Is continued economic growth compatible with safeguarding the environment? For many environmentalists the answer to that question is quite simply no. They will argue that we cannot go on exploiting natural resources and polluting the planet without potentially catastrophic consequences.

But for most of the world’s population the growth versus environment argument is nonsensical. People in developing countries quite rightly demand the sort of living standards enjoyed by many in developed ones.

The global “middle class” is predicted to grow 172% over the next 20 years, and it will consume a vast amount of additional resources. At the same time, people in the developed world are unlikely to relinquish their own living standards without a fight.

So, we need to secure continued economic growth without further damage to the planet.

That will require a huge cultural shift and technological innovation, but it is not impossible. Humans are good at innovating.
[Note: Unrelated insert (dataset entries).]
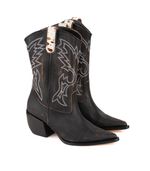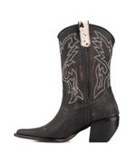 Bota texana media de cuero con diseño clásico de inspiración western. Su capellada presenta bordados en contraste que resaltan el estilo tradicional del modelo. La caña media con tirador facilita el calce, mientras que la punta levemente afinada y el taco medio aportan una silueta elegante. La suela está pensada para absorber el impacto, brindando comodidad y estabilidad, ideal para acompañar jornadas largas sin resignar estilo.
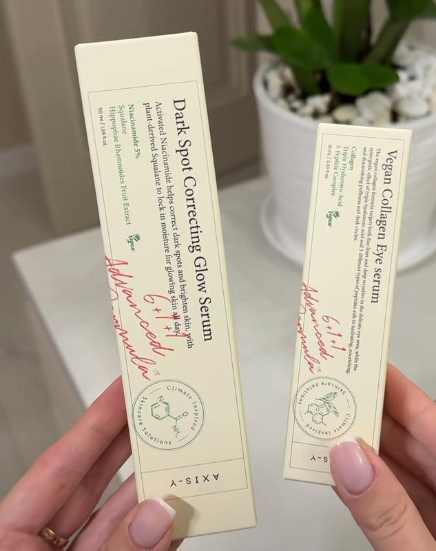 Прорви 2025 года! Бренд Axis-Y - это настоящий пятновыводитель для лица, а его бестселлерами являются два топовых средства. 1. Сыворотка для коррекции темных пятен от бренда Axis-Y поможет вам выровнять тон лица и подарить ему здоровый вид. Благодаря насыщенной формуле мощный продукт эффективно борется с пигментными пятнами, постакне и другими недостатками. Кроме того, сыворотка способствует обновлению и восстановлению поврежденных участков и придает коже сияние. Особенности Axis-Y Dark Spot Correcting Glow Serum: - сужает поры, освещает и успокаивает кожу; - ниацинамид 5% стимулирует синтез коллагена; - сквалан смягчает эпидермис, защищает от потери влаги; - экстракт рисовых отрубей уменьшает воспаление и раздражение; - календула обладает противовоспалительными и ранозаживляющими свойствами; - экстракт папайи насыщает клетки кожи витаминами А и С; - экстракт облепихи питает, регенерирует и уменьшает купероз; - благодаря легкой гелевой консистенции быстро впитывается, не оставляя липкости; - встроенный дозатор позволяет легко наносить нужное количество продукта; - не содержит парабенов, синтетических веществ и искусственных красителей. 50мл-880грн. 2. Axis-Y Vegan Collagen Eye Serum- веганская осветляющая сыворотка под глаза с коллагеном. • освещает, убирает темные круги под глазами; • уменьшает видимость морщин, убирает отеки; • легкая текстура, не оставляющая липкости и жирности. Цена 890грн. Производитель: Южная Корея Возраст: 18+ Тип кожи: все типы
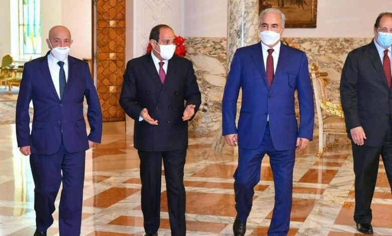 Sisi welcomed in Cairo commander of the Libyan National Army (LNA) Khalifa Haftar and Speaker of the east-based parliament Aguila Saleh.
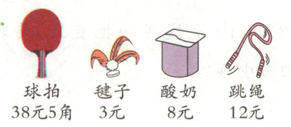 (2)小明要买一个乒乓球拍,他该怎么付钱?圈一圈。
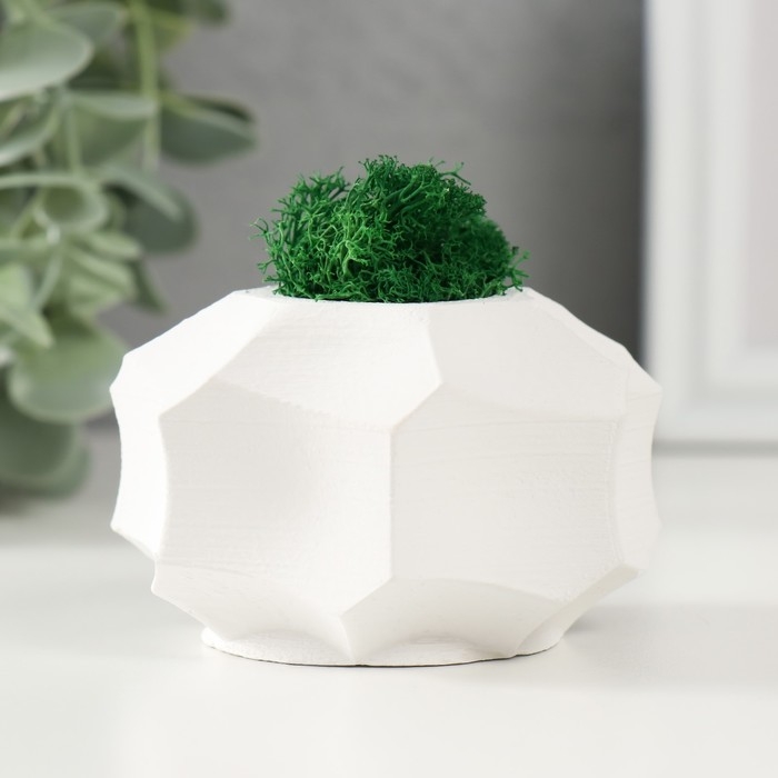 Кашпо бетонное "Грани" со мхом белый 7,5х7,5х5 см (мох зеленый стабилизированный)

Companies such as GE are already proving this by achieving superior economic and environmental performance.

Many of the businesses attending the Rio+20 talks were there because they believe it is possible to prosper without further harming natural ecosystems – in fact, they understand their very survival depends on it.

Also, as the report from the Aldersgate Group highlights, moving to a circular economy model, where industrial and agricultural systems are restorative and eliminate waste, would ensure that resources are used time and time again, removing the need to deplete virgin sources.
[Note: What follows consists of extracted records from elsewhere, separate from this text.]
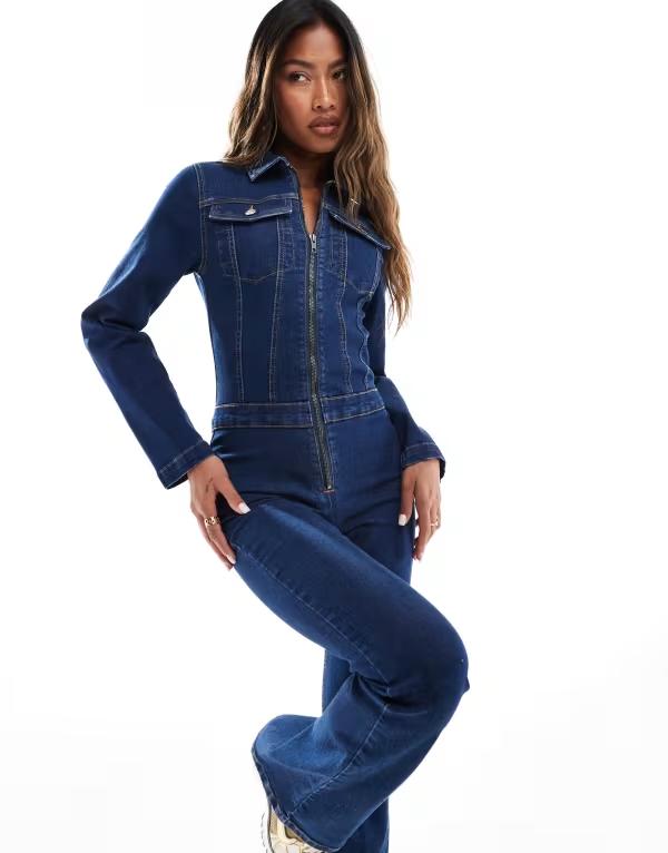 【送料無料】 エイソス レディース ジャンプスーツ トップス ASOS DESIGN long sleeve stretch 70s jumpsuit in dark blue Dark blue
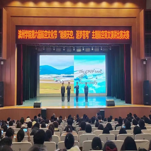 12月2日晚,由校团委主办、太阳成城集团tyc234cc团总支承办的滨州学院第六届航空文化节“驰骋天空,逐梦苍穹”主题英文演讲比赛决赛在学苑会堂圆满落幕。校团委副书记出席活动,太阳成城集团tyc234cc有关负责人、高级职称教师和外籍教师现场评判点评,来自学校10个二级学院的大学生代表队参加了决赛。
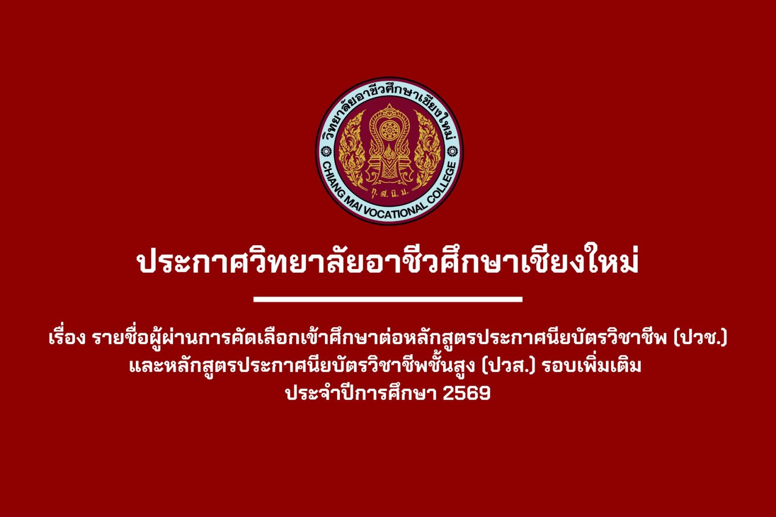ประกาศรายชื่อผู้ผ่านการคัดเลือกเข้าศึกษาต่อหลักสูตรประกาศนียบัตรวิชาชีพ (ปวช.) และหลักสูตรประกาศนียบัตรวิชาชีพชั้นสูง (ปวส.) รอบเพิ่มเติม ประจำปีการศึกษา 2569
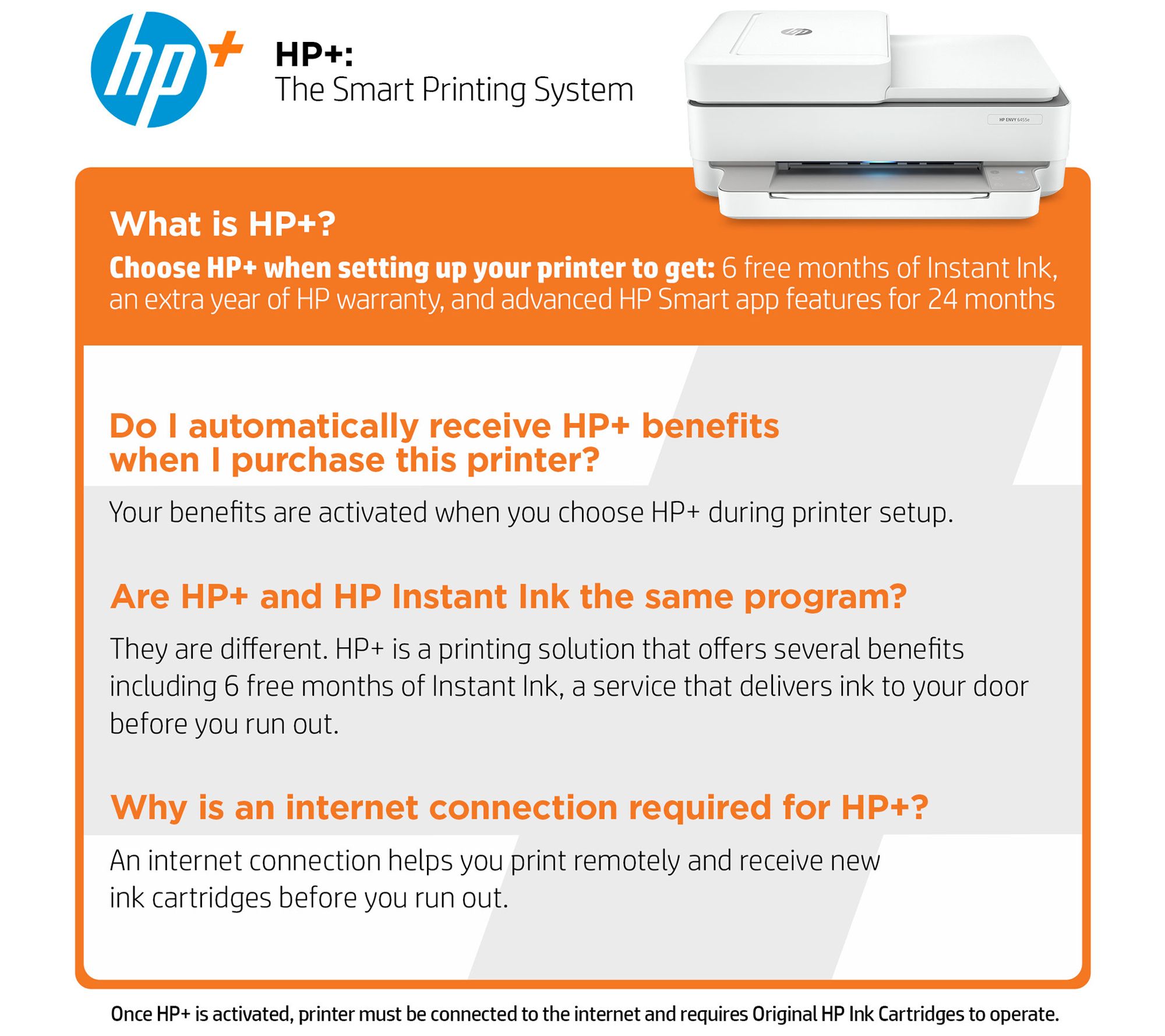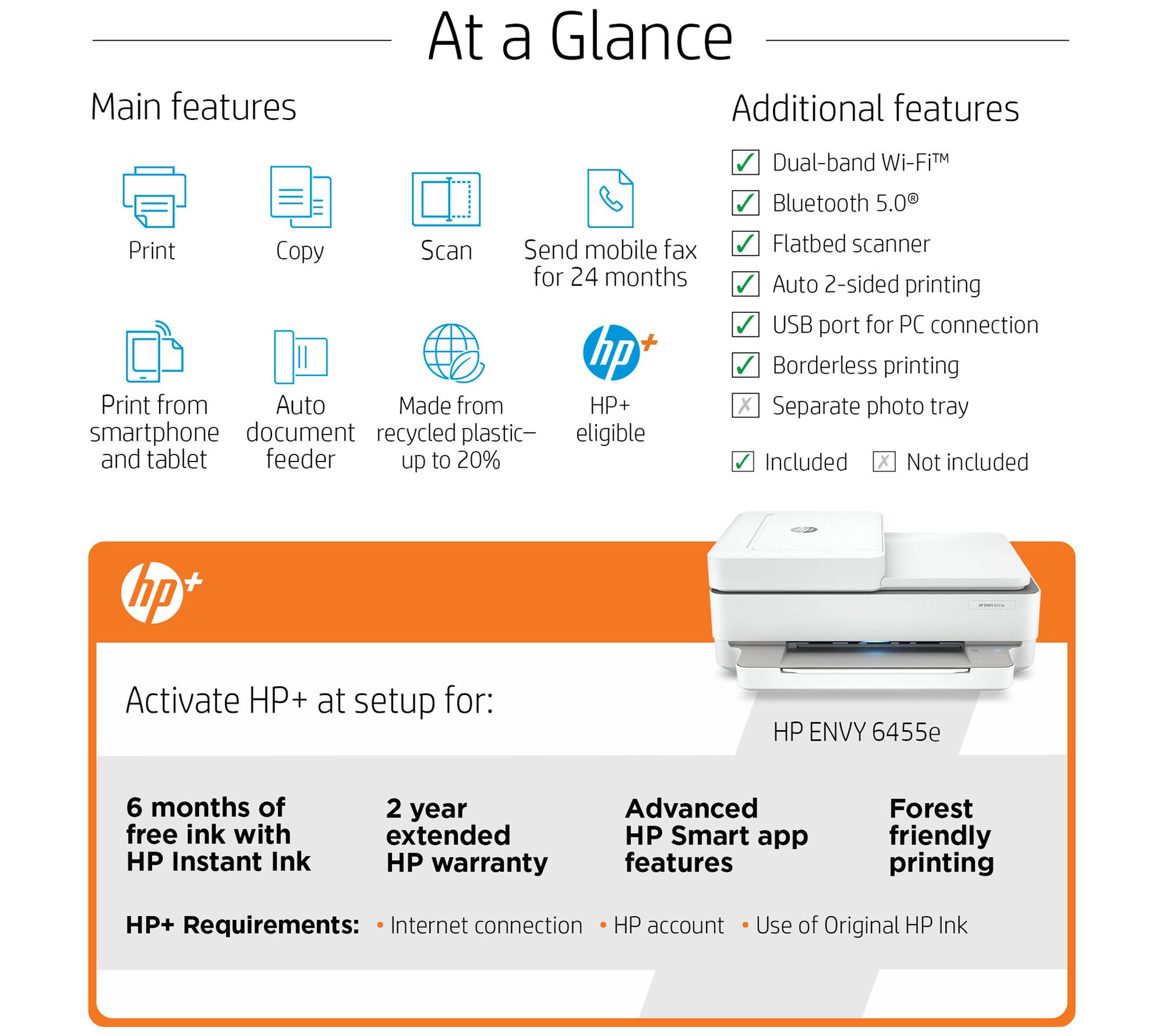 Includes ENVY 6455e all-in-one printer with HP 67 black and tri-color ink cartridges, and power cord; six months of HP Instant Ink

As well as greater innovation and a new business model, we also need to change how economic prosperity is measured, so that it captures the value of the natural environment.

In one of the few positive outcomes from Rio+20 there was agreement that a new understanding of wealth was needed that goes beyond gross domestic product (GDP), and UN statisticians are to investigate how to incorporate natural capital into GDP.

There should be no limits on growth; we just need the right sort of growth.